The Bible talks about this too.  Two verses come to mind.  Romans 8:37 says that “In all these things, we are more than conquerors through him who loved us.”  Through what things?  Right before that verse, it gives a list of things that cannot separate us from the love of God.  The verses talk about how we face death all day long and are considered sheep to the slaughter.  Not a very appealing mental image, but then the writer of these verses (Paul) goes on to say that despite all of these things, not only are we conquerors of these things, but we are MORE than conquerors. Our faith in God makes us conquerors over suffering and death. 

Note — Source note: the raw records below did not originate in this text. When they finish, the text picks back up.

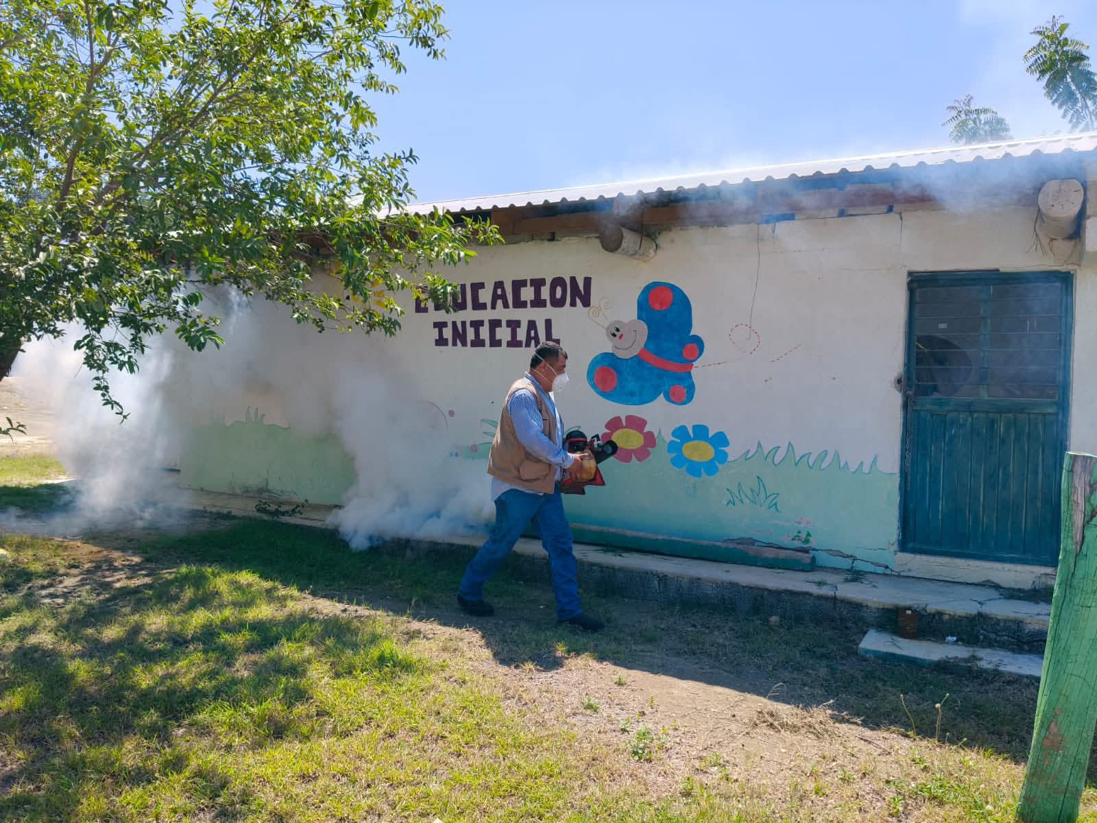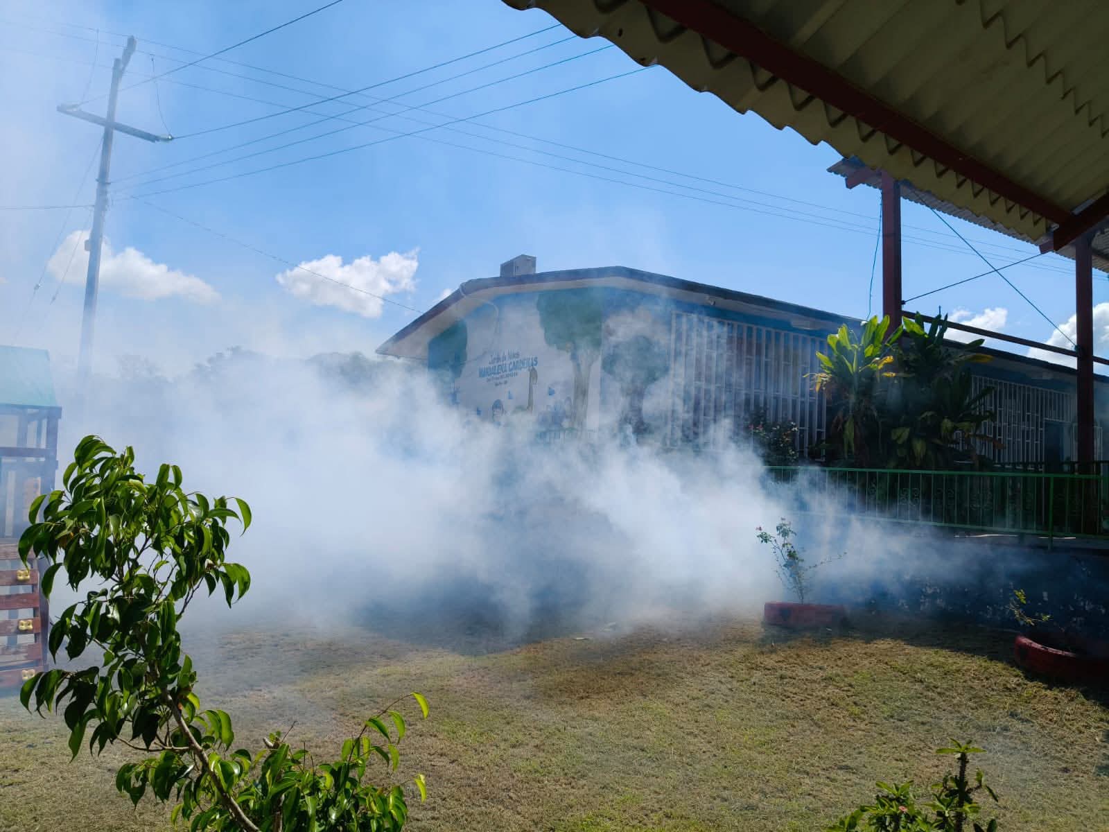 Previo a la fumigación, se contó con el valioso respaldo de madres, padres de familia y tutores, quienes participaron activamente en jornadas de limpieza, desmonte de maleza, recolección de basura y poda de árboles, creando así condiciones óptimas para que las brigadas pudieran trabajar de manera más efectiva.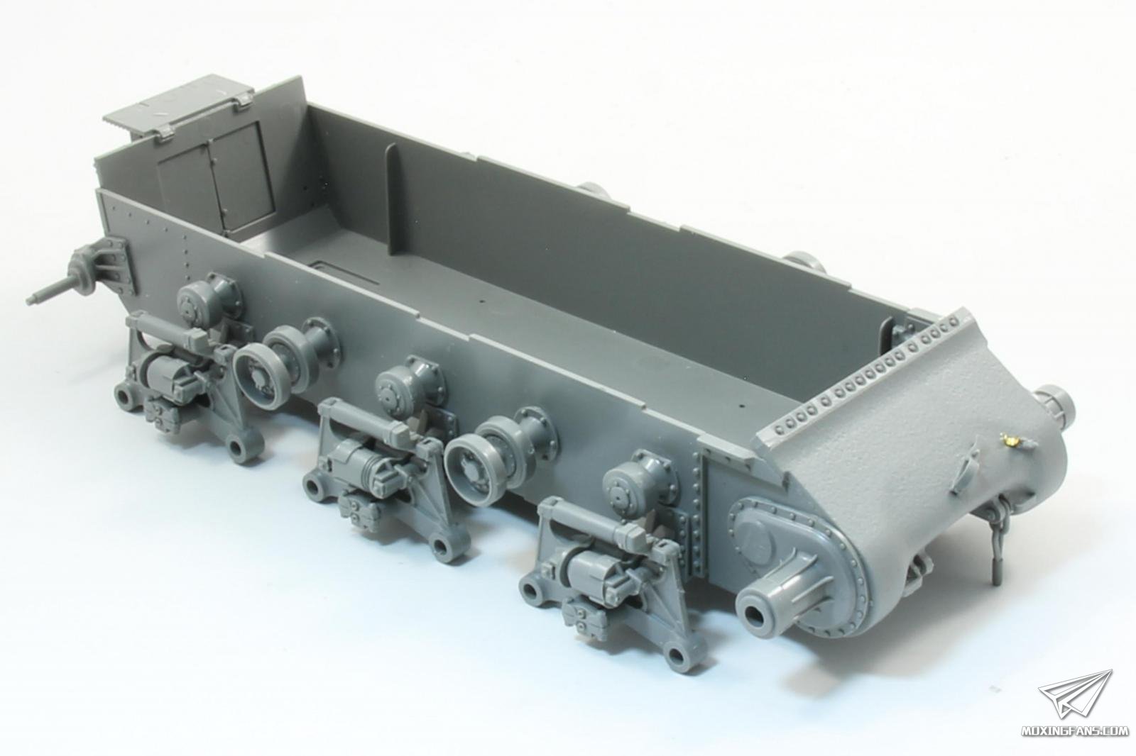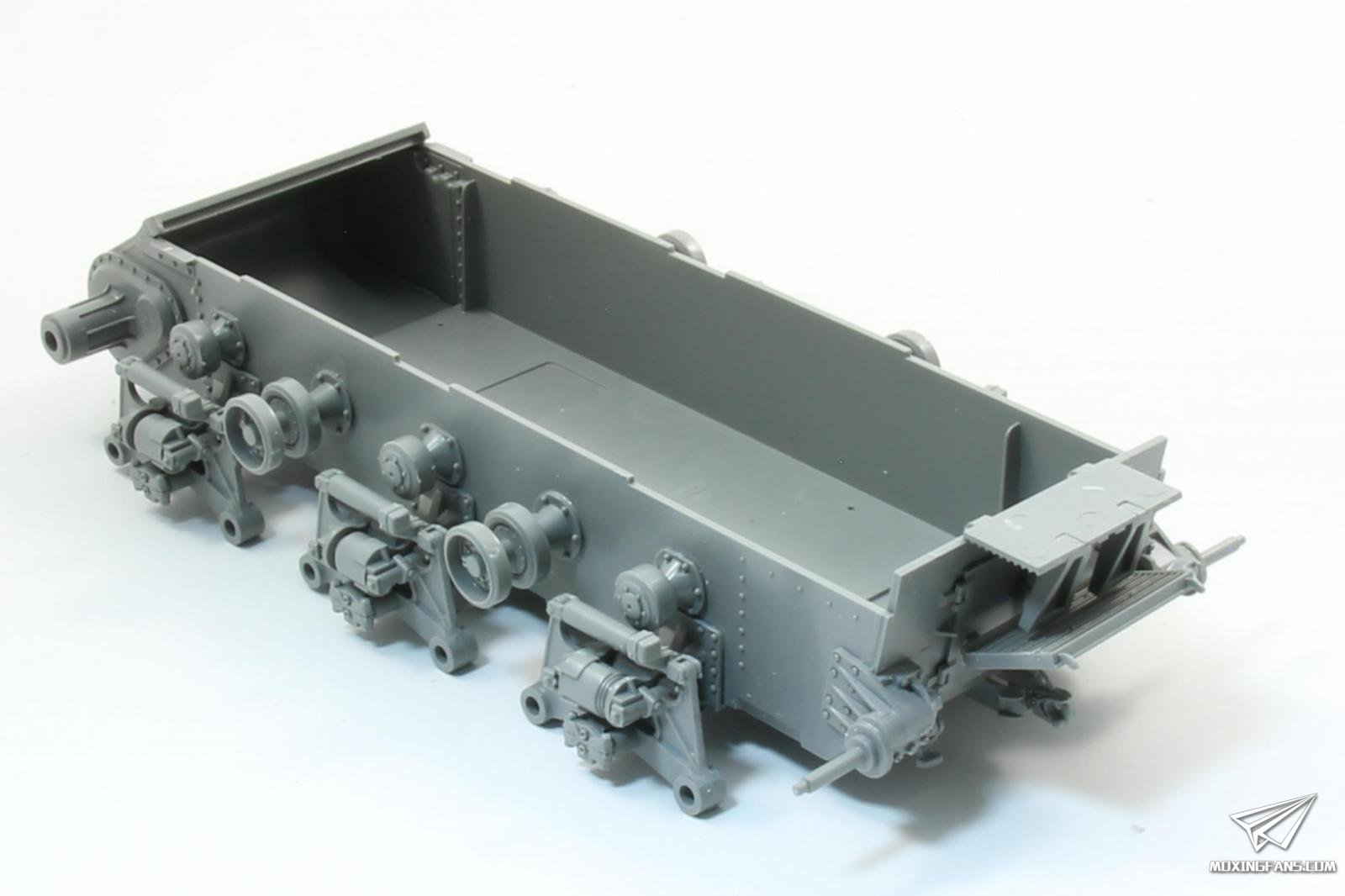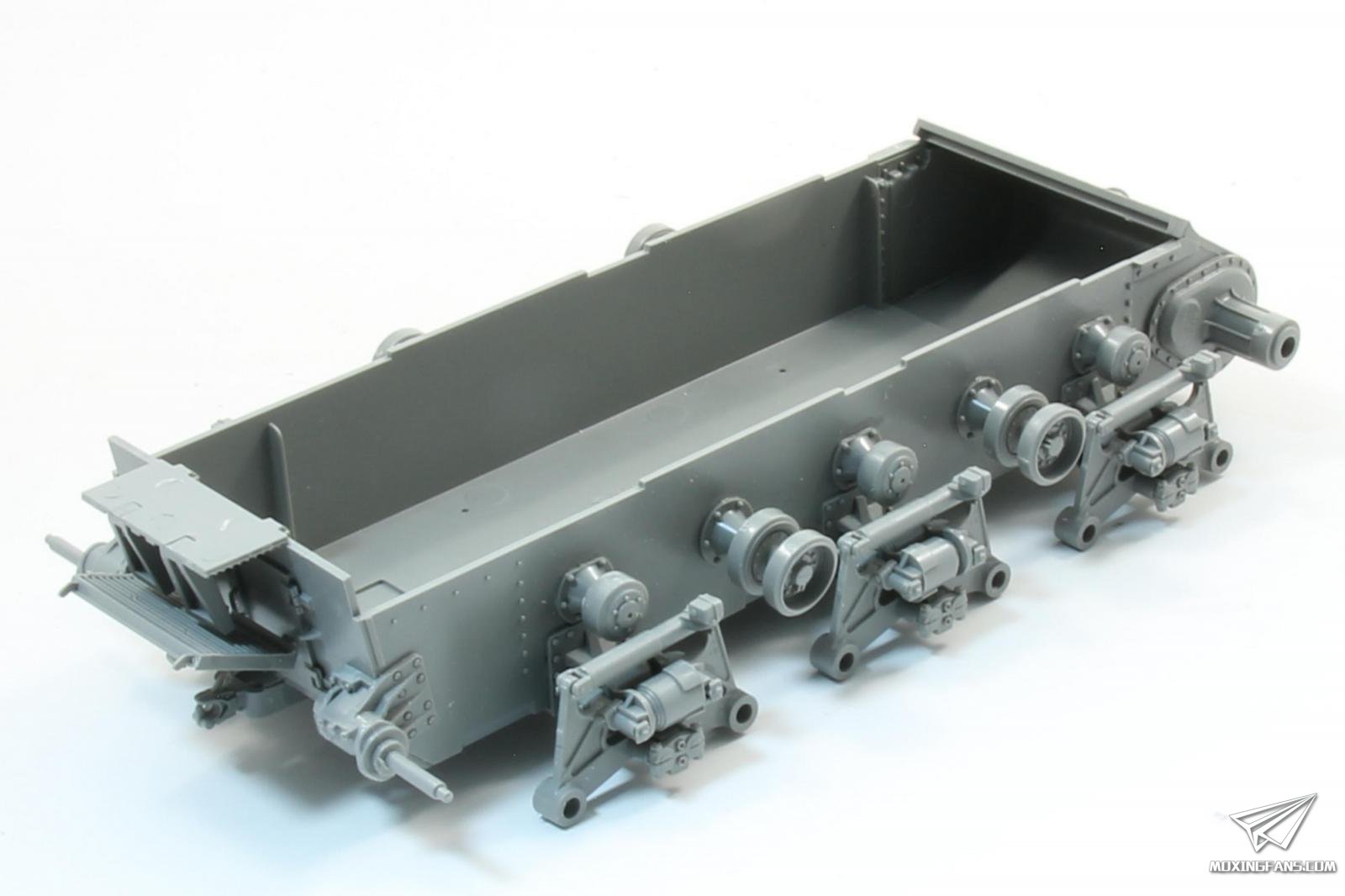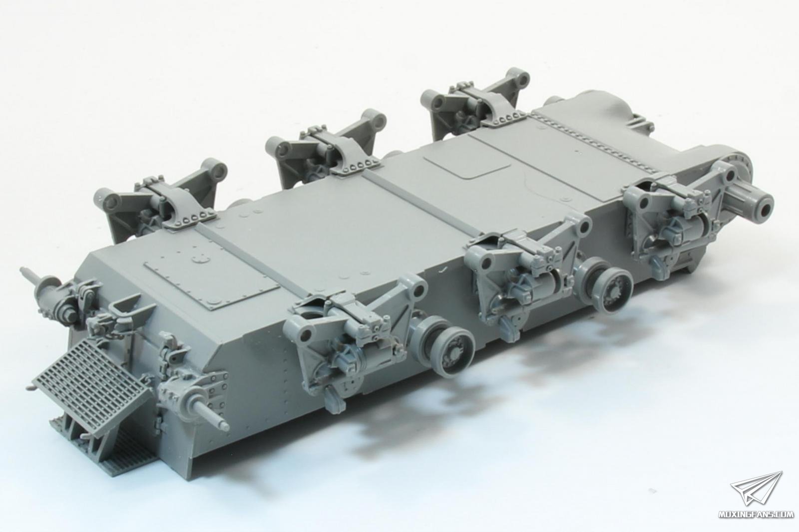 履带组装繁琐,活动性一般,看钉梢细节区分左右。内侧导齿为镂空设计并单独安装,工作量较大。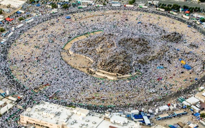 على بعد كيلو مترا من بداية عرفات، ثقلت خطى أم محمد والجمع، زاغت عيونهم وتراءى لهم السراب، تقول" فرن، كما لو أني وضعت رأسي بفرن، مع اني أحمل مظلة!" ارتمى الحجاج على الرصيف مبللة ملابسهم بالعرق؛ ليتفيئوا تحت شجيرات لا تكاد تمسح عنهم تعب أو تنقذهم بنسمة هواء في عرفات، والتي تمتد مساحتها على أرض مستوية لنحو 10كم مربع وتبعد عن مكة نحو 20كم.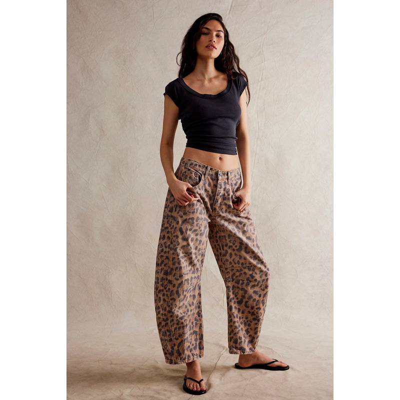 Loose legs, similar to straight or flared pants, suitable for various leg shapes, especially those with thick legs and O-shaped legs. The waist design is mid waist, which can elongate the leg lines and appear taller.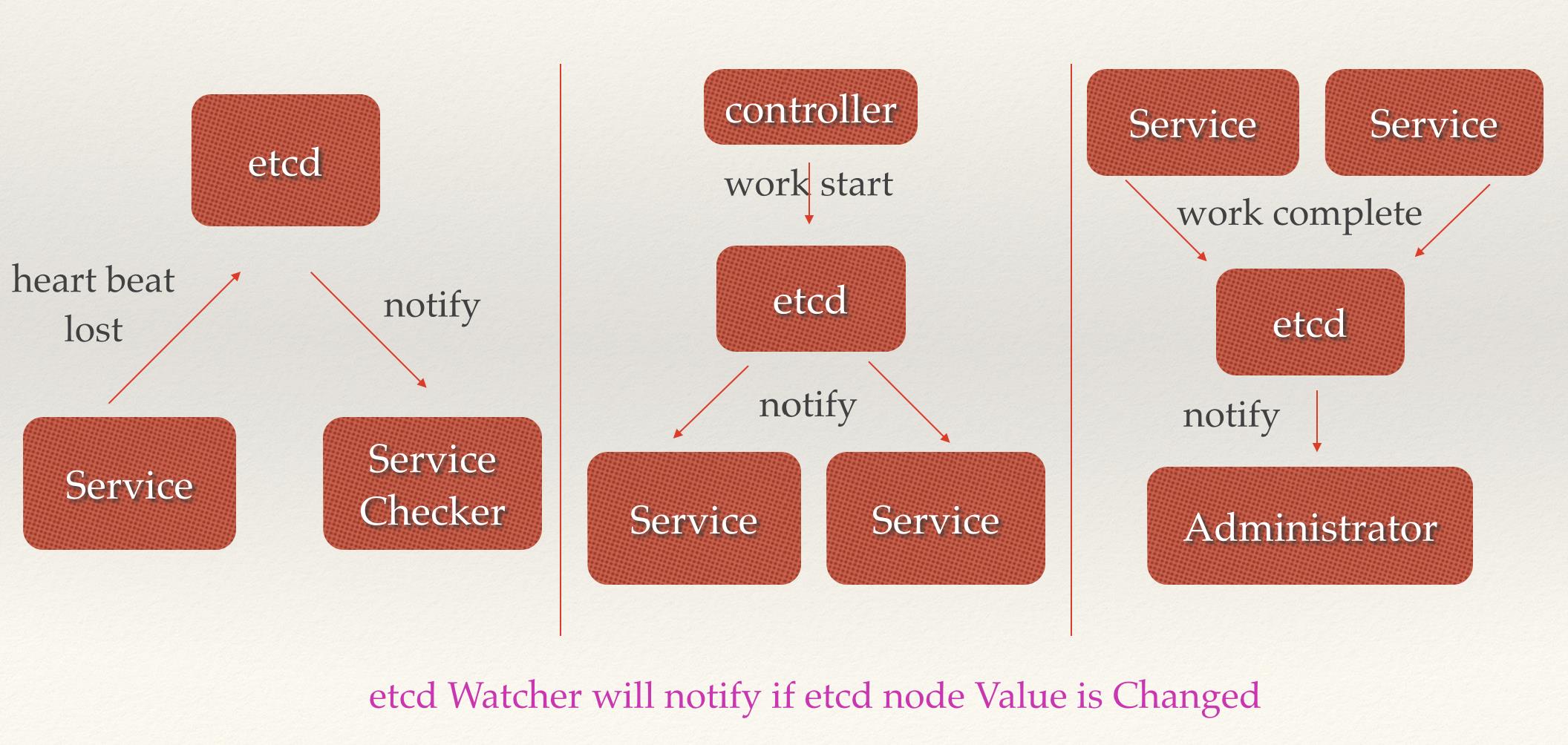 - 一种注册服务和监控服务监控状态的机制。用户可以在etcd中注册服务,并对注册的服务设置Key TTL, 定时保持服务的心跳以达到监控监控状态的效果。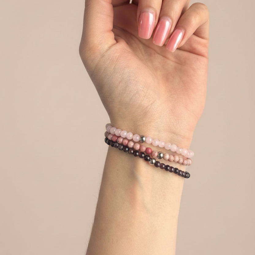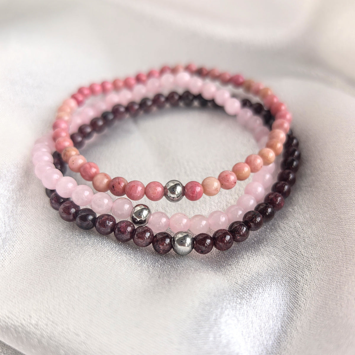 Силата на тройната комбинация – Розовият кварц изпълва сърцето с любов, Родонитът го лекува и стабилизира, а Гранатът разпалва вътрешната ти сила, за да излъчваш увереност и привлекателност. Заедно създават хармонична енергия, която подкрепя любовта във всичките ѝ форми.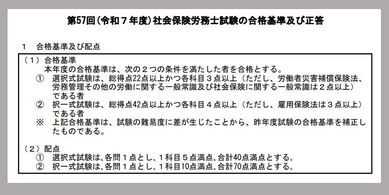 ①選択式試験は、総得点22点以上かつ各科目3点以上(ただし労災・労働一般・社会一般 2点以上)
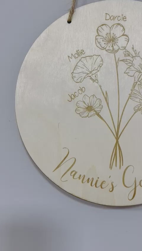 This lovely plaque features intricate engravings of birth flowers, one for each person.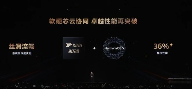 今日发布会上,华为常务董事、终端BG董事长余承东宣布为MateXTs非凡大师,搭载了全新麒麟9020处理器,并搭载HarmonyOS 5系统,可以带来**36%**的整机性能提升。
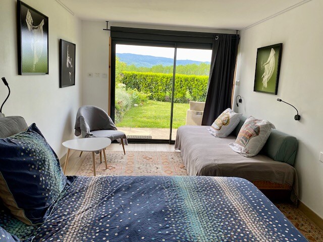 ● Brand new 45 m2 2-room apartment in small condominium Self ●check-in, very easy to access ● 1 free private parking space, if necessary possibility of having a 2nd ask me. ●1 double bed 160 and 1 sofa bed, the sofa bed house to accommodate 4 people max...... ●view of private garden quiet countryside● environment ●bathroom with bathtub dolce gusto coffee● machine ● if available, possibility to arrive before/leave later €8/hour, contact me before.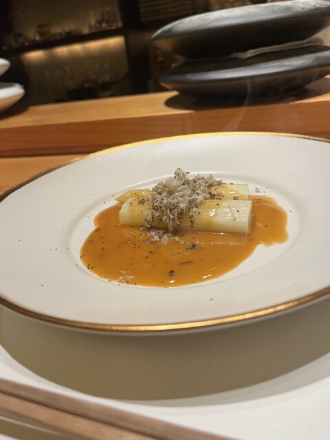余市赤井川農園の5Lホワイトアスバラのじっくり蒸し焼き 卵ソースとサマートリュフ、キャビアかけ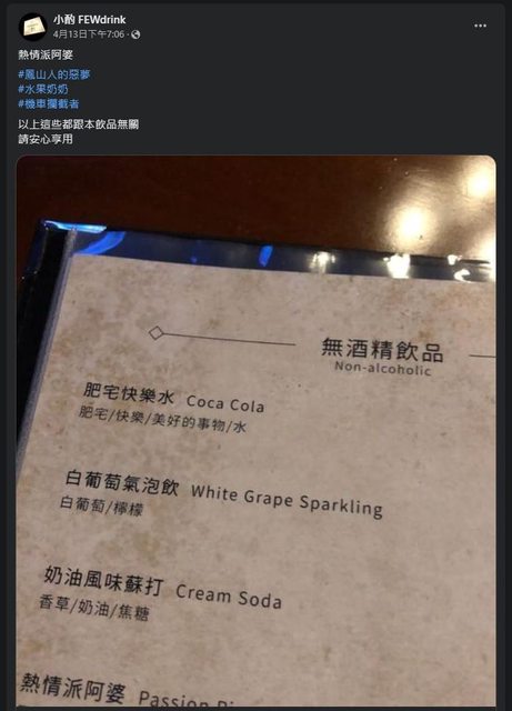 推 VVinSaber : 沒喝酒也能去吃啦 我上次去也是吃東西喝可樂lol 04/15 17:14
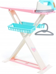 A készlet tartalmaz egy összecsukható vasalódeszkát, vasalót, 2 db szennyestartó kosarat és egy ruhafogast.

And again in 1 Corinthians 15:54-57, Paul writes this: 

“When the perishable has been clothed with the imperishable, and the mortal with immortality, then the saying that is written will come true: “Death has been swallowed up in victory.”

“Where, O death, is your victory?  Where, O death, is your sting?”

The sting of death is sin, and the power of sin is the law. But thanks be to God! He gives us the victory through our Lord Jesus Christ.”

 

Did you catch that?  Death has been swallowed up in victory.  We are victorious over death because of our faith and hope in Jesus. 

If my faith truly lies in God and what he says about death and his purposes for our lives, then there is no way that I can ever accept that Amy lost her battle with cancer.  Amy fought hard.  Amy had an unshakeable faith in God.  Amy accomplished more for God than many people do in 80 years.  Amy is celebrating with Jeff in heaven now, waiting for us to arrive.  How can anyone think that she lost?